(What you are asked to do): In the listing below, find the line with "Создайте атмосферу романтического" and copy every line from there up to and including the line with "Ο Κωνσταντίνος Αργυρός", exactly and without pictures.

Supplied information START

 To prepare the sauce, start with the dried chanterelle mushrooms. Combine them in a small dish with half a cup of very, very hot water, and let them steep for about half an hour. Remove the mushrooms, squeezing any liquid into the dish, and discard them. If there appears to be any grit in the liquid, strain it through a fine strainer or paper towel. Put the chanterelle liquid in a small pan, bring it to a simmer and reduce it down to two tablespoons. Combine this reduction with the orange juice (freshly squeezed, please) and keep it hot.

Supplied information END
Supplied information START

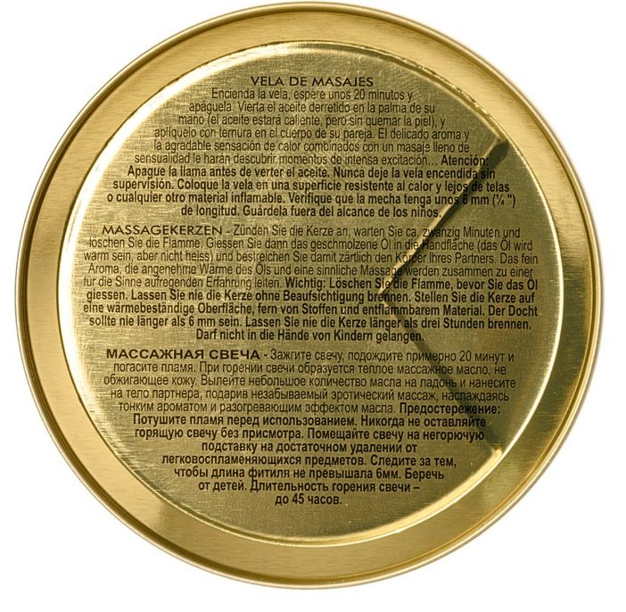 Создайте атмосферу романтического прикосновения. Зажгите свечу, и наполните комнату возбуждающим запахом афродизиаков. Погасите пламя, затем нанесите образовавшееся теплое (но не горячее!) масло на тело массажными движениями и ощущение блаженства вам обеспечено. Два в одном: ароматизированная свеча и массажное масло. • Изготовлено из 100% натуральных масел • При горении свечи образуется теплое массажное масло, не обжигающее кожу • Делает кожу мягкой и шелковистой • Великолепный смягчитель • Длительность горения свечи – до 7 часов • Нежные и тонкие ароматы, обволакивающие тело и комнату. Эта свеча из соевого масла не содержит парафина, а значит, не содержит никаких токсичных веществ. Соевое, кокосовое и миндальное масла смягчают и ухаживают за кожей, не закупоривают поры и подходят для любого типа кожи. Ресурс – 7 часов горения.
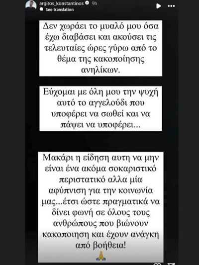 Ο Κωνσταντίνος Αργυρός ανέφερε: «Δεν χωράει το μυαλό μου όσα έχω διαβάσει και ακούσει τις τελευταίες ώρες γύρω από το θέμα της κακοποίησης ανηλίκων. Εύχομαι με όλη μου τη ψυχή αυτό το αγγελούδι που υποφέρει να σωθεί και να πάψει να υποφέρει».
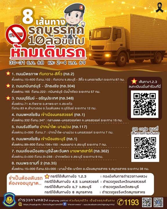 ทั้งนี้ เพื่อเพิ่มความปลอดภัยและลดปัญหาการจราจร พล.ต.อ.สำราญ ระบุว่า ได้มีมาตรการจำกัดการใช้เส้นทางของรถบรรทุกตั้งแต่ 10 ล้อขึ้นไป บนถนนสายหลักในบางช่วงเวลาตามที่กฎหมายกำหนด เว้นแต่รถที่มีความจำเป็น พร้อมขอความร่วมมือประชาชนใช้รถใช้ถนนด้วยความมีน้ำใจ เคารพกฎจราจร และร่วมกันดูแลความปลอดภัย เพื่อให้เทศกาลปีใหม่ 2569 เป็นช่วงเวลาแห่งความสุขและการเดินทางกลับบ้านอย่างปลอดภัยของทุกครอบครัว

Supplied information END

(Expected output):
 Создайте атмосферу романтического прикосновения. Зажгите свечу, и наполните комнату возбуждающим запахом афродизиаков. Погасите пламя, затем нанесите образовавшееся теплое (но не горячее!) масло на тело массажными движениями и ощущение блаженства вам обеспечено. Два в одном: ароматизированная свеча и массажное масло. • Изготовлено из 100% натуральных масел • При горении свечи образуется теплое массажное масло, не обжигающее кожу • Делает кожу мягкой и шелковистой • Великолепный смягчитель • Длительность горения свечи – до 7 часов • Нежные и тонкие ароматы, обволакивающие тело и комнату. Эта свеча из соевого масла не содержит парафина, а значит, не содержит никаких токсичных веществ. Соевое, кокосовое и миндальное масла смягчают и ухаживают за кожей, не закупоривают поры и подходят для любого типа кожи. Ресурс – 7 часов горения.
 Ο Κωνσταντίνος Αργυρός ανέφερε: «Δεν χωράει το μυαλό μου όσα έχω διαβάσει και ακούσει τις τελευταίες ώρες γύρω από το θέμα της κακοποίησης ανηλίκων. Εύχομαι με όλη μου τη ψυχή αυτό το αγγελούδι που υποφέρει να σωθεί και να πάψει να υποφέρει».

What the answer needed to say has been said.